12人の現役バンカー通じ描く 次世代の銀行員のあり方紀伊国屋書店大手町ビル店

もう一つ、多くの支店長に語らせているのは、人材育成への取り組み方だ。一人一冊、部下別のノートをつくっているという支店長、部下に自分で設定した目標と達成予定時期を書かせた「約束手形」を発行する支店長……インタビューからこうしたエピソードを拾いながら、それぞれの指導ぶりを浮かび上がらせていく。デジタル化が恐ろしい勢いで進む中でも銀行員の仕事は生身の人間と向き合うビジネスだというのが、著者の伝えたいメッセージになっている。

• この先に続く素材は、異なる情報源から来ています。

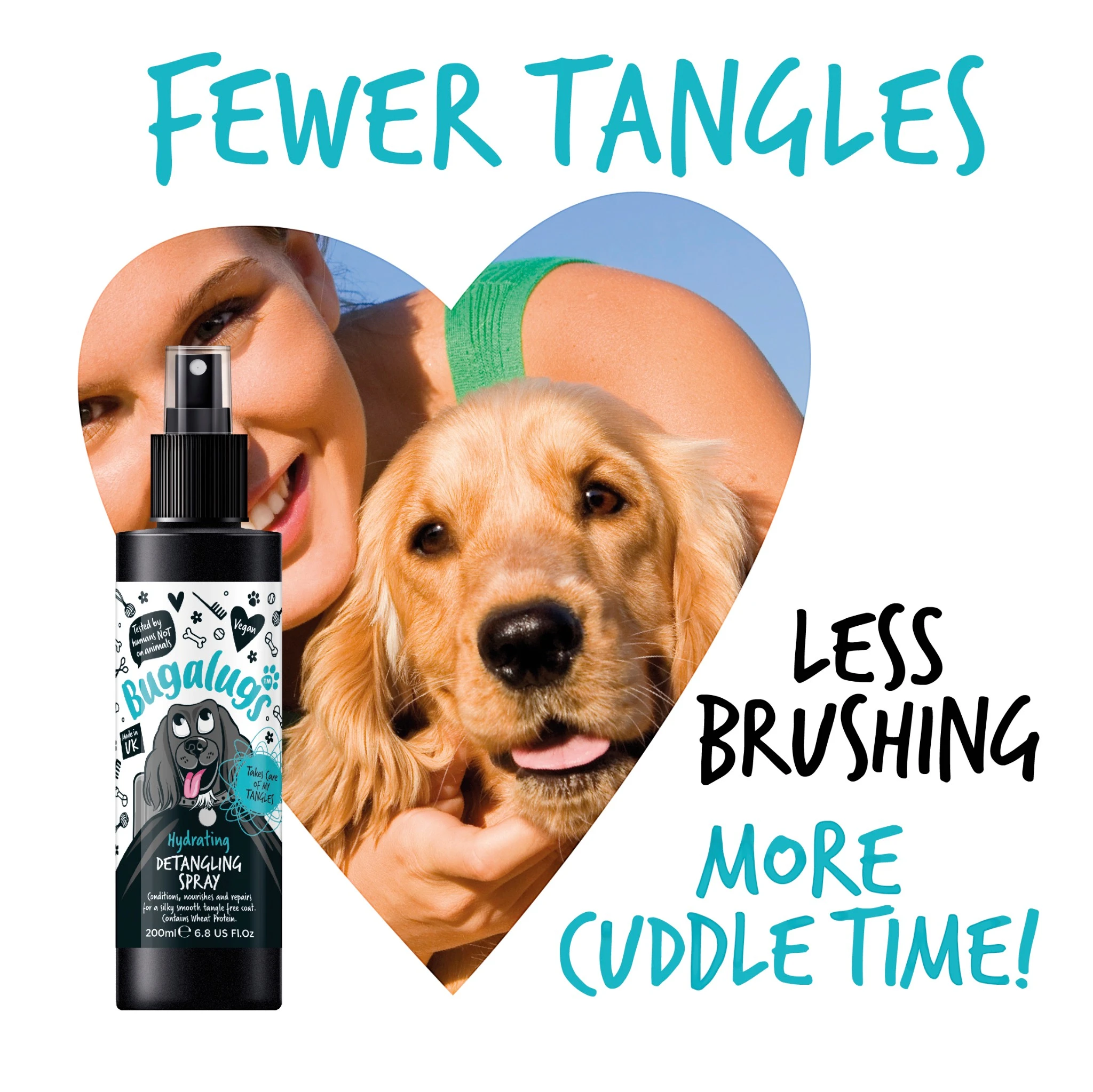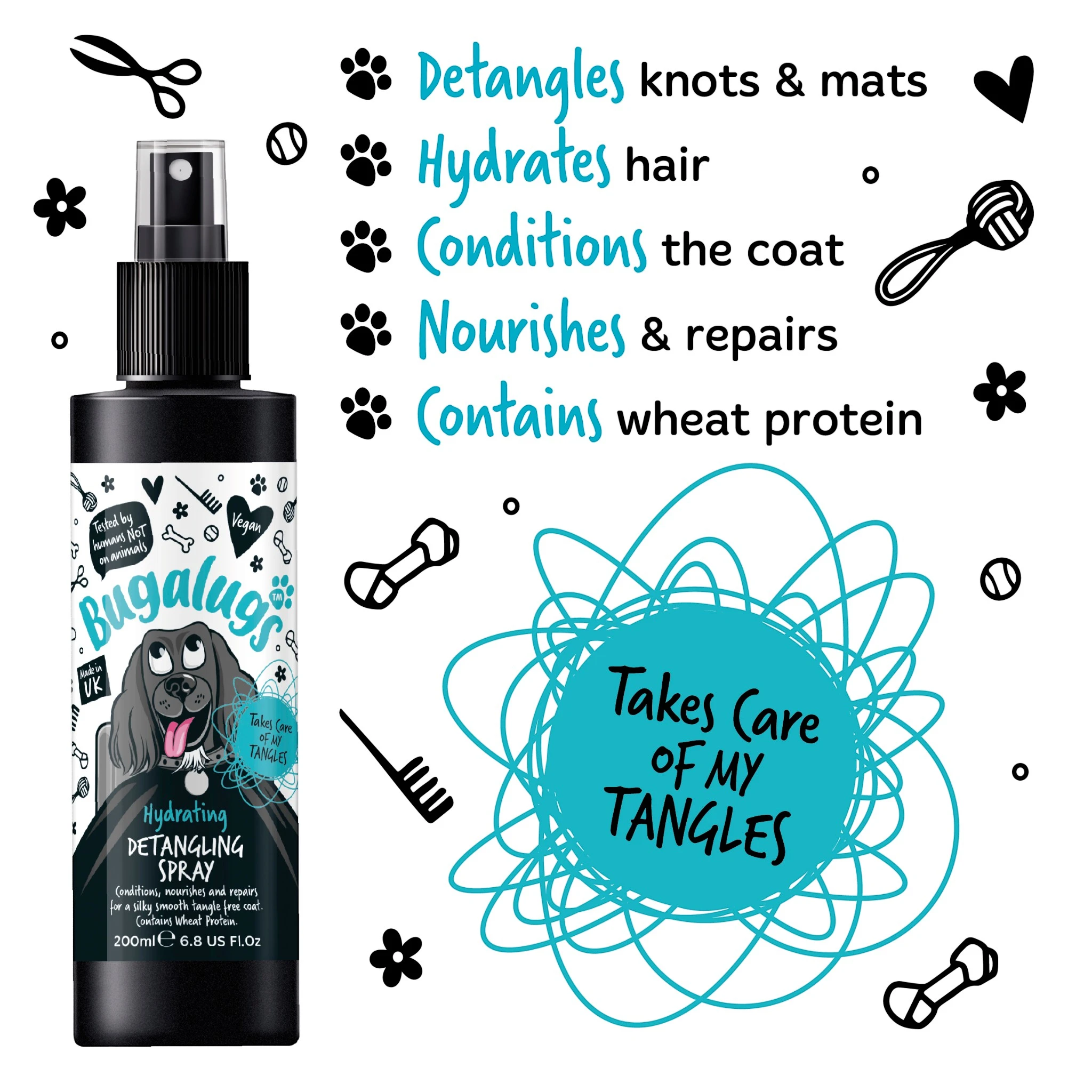 De antiklit-spray van Bugalug brengt weerbarstige haren in het gareel; dit vergemakkelijk de verzorging en verbetert de glans van de vacht.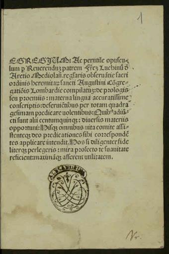 | Keywords: Luchino - De prologis seu proemiis materna lingua conscriptis, anni Iubilei 1500 die 12 novembris - 2404197.jpg Book Luchino d'Arezzo De prologis seu proemiis materna lingua conscriptis industria et impensa Alexandri Minutiani oratoris facundissimi Impressum Mediolani ita it De prologis seu proemiis materna lingua conscriptis - Impressum Mediolani industria et impensa Alexandri Minutiani oratoris facundissimi anni Iubilei 1500 die 12 novembris - 124 c ; a-p q ; 8º - Testo in italiano titoli in latino BEIC 2404197 Institution BEIC PD-old-100-1923 Predicazione - Manuali - Sec 15 Teologia pastorale Religious texts Incunabula in lingua italiana |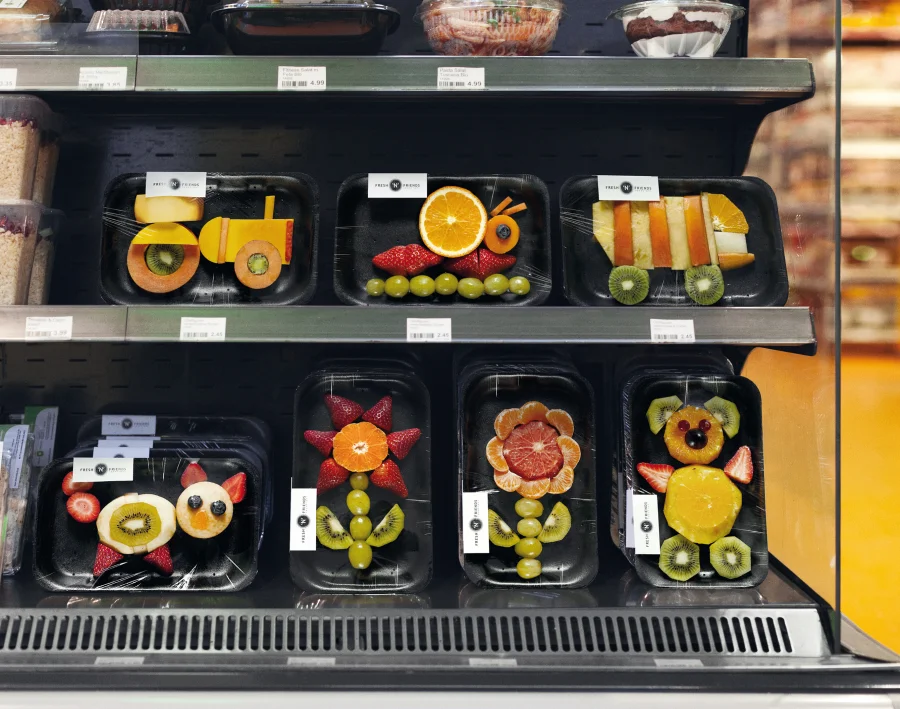Ein neues Produkt: die Obstfiguren. Das sind Obstsalate, bei denen das Obst in kindgerechte Motive gelegt ist. Z.B. Obst-Teddybären, Obst-Katzen oder Obst-Blumen.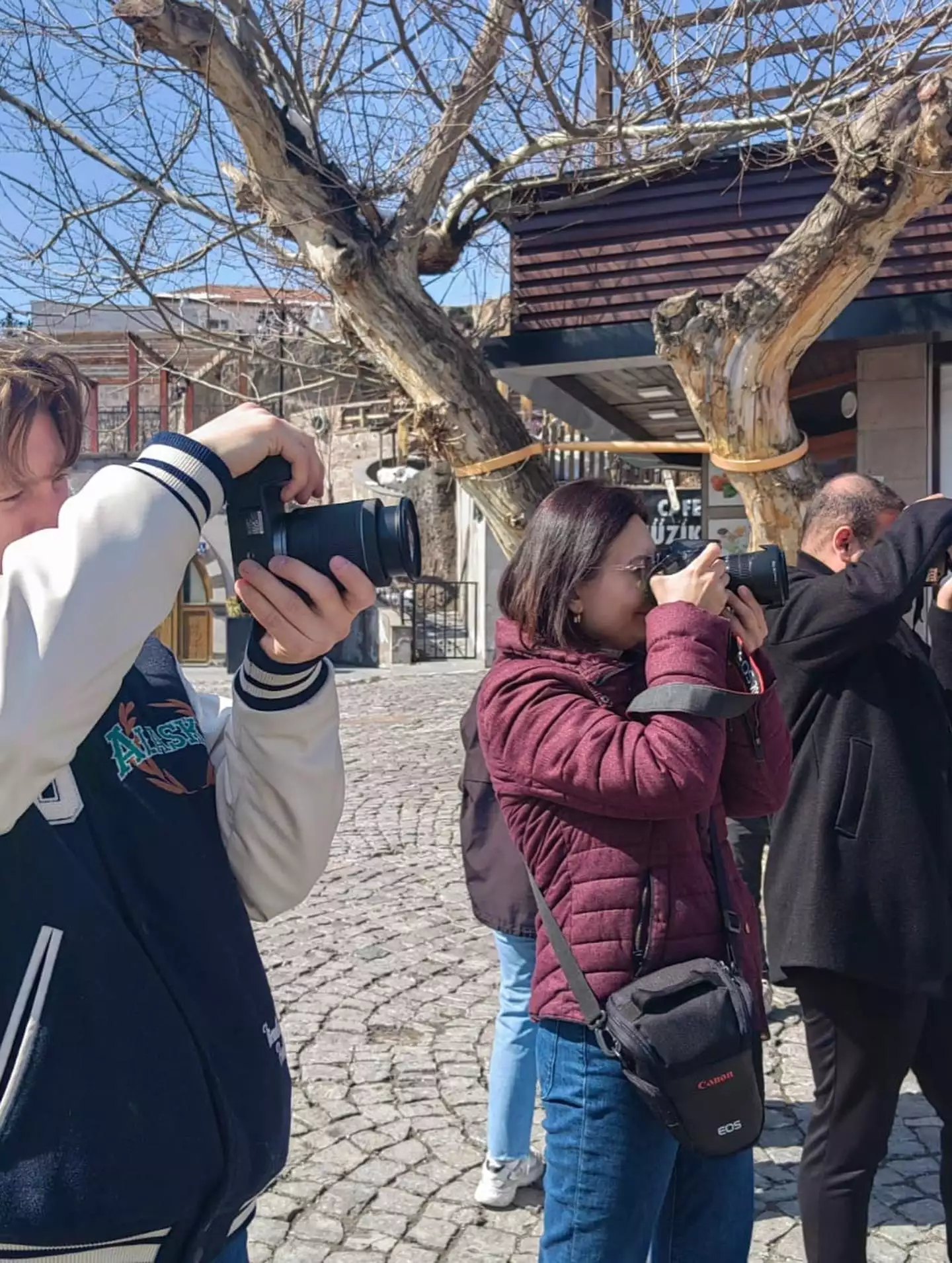 Rektörlük Güzel Sanatlar Bölümü Alan Dışı Seçmeli Uygulamalı Fotoğrafçılık dersi kapsamında bölüm öğretim görevlisi Uğur AYDIN hocamızın ilk uygulama atölyesi bu hafta Talas’ın tarihi sokaklarını fotoğraflayarak başladı. Talas Belediyesi’nin Osmanlı Sokağında açmış olduğu Sanat Akademisi gezilerek Ebru sanatı ve Hat sanatı eğitmenlerinden bilgi alındı. Yine Talas belediyesinin açmış olduğu eski usüllerle ve geleneksel yöntemlerle ürettiği keten kağıdı atölyesi fotoğraflandı. Han meydanı ve camisinin farklı açılarla fotoğraflandığı fotoğraf atölyesi Talas’ın eski sokaklarında son buldu.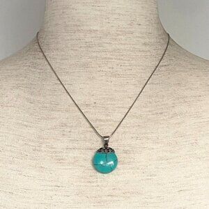 Sterling Silver 925 Round Faux Turquoise Bali Style Pendant Necklace 17" Chain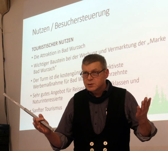 Aber die Stadt brauche eine Zukunftsperspektive, Arbeitsplätze, um Familien hier zu behalten. Und so ein Turm sei überall ein Anziehungspunkt, dessen Ausstrahlung nicht nur auf den Kernort beschränkt bleiben werde, etwa für Übernachtungsgäste. „Der Turm hat ein riesiges Potential, um auch Co-Projekte anzuschieben.“ Der Turm werde zum Marketing-Symbol für den Tourismus in Bad Wurzach.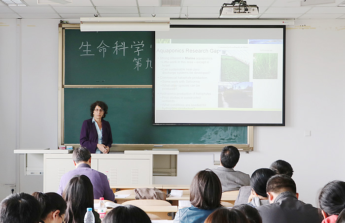 4月13日下午,应我院邀请,美国南佛罗里达州立大学土木与环境工程学院教授、博导萨瑞娜·埃尔加斯(Sarina J. Ergas)来院访问,并为学院教师和研究生作了题为“Resource Recovery Through Halophyte Production in Marine Aquaponics”的学术报告。报告会由姚登兵院长主持。埃尔加斯教授介绍了如何利用植物水培系统对海水养殖水体进行循环处理,在净化水质、保障养殖对象生长的同时,收获耐盐水培蔬菜,提升海水养殖系统的经济效益与环境效益,推动海水养殖业可持续发展。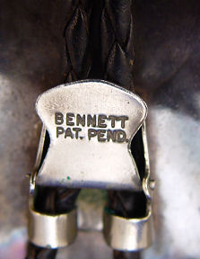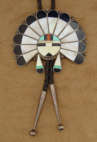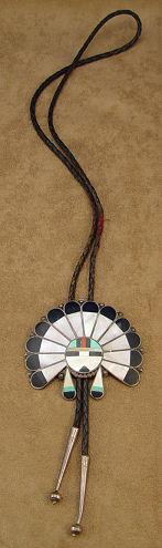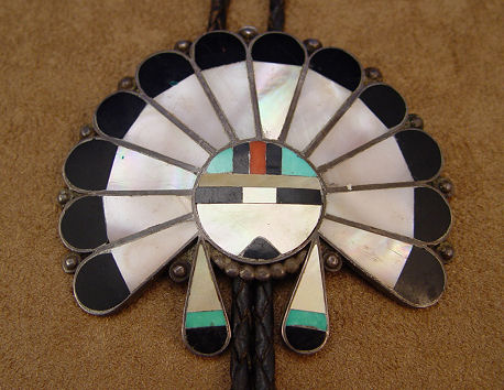 ZUNI MOSAIC HEADDRESS BOLO SLIDE: Traditional headdress, front view, approx. 3'' X 3 1/2'', clip marked Bennett Pat Pend, braided leather tie ending in silver tips, overall approx. 38''l. tie.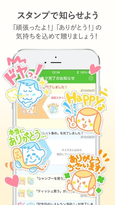 タスク完了時とそれに対する返信時にはそれぞれスタンプを選択することができます。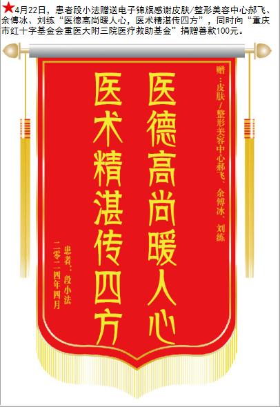 患者段小法赠送电子锦旗感谢皮肤/整形美容中心郝飞等人,并向医疗救助基金捐赠善款100元。-锦旗-患者心声-患者服务-重庆医科大学附属第三医院【官方网站】

「店頭に並んで10日ほどだが、毎日よく売れている。金融関係の方が多い街だけに関心が高いようだ」とビジネス書を担当する西山崇之さんは話す。ビジネスジャンルでは単行本の目立った新刊が少なく、この本以外にも入門書的な内容の本をはじめ、新書の売れ行きが目立っているという。

5Gの入門書、息長い売れ筋に

それでは、先週のベスト5を見ておこう。今回は取り上げた本に合わせて新書のランキングを紹介する。

(1)上級国民/下級国民橘玲著(小学館新書)
(2)独ソ戦大木毅著(岩波新書)
(3)ザ・ネクストバンカー浪川攻著(講談社現代新書)
(4)5Gビジネス亀井卓也著(日経文庫)
(5)夫婦幻想奥田祥子著(ちくま新書)

(紀伊国屋書店大手町ビル店、2019年8月26日~9月1日)

1位は『言ってはいけない』などベストセラーを連発する作家が、世界レベルで進行する格差の拡大と階層の分断について語った本。2位には、軍事史に詳しい著述家による、第2次世界大戦で起こったドイツとソ連の戦争の実像に迫った歴史書が入った。3位に今回紹介した銀行本。4位は次世代通信システム、5Gの特徴と、それに伴う社会やビジネスの変化をわかりやすく解説した一冊。6月の刊行で、息の長い売れ筋になってきた。5位には、ジャーナリストが長年の取材をもとに現在の夫婦のあり方を見つめ直した本が入った。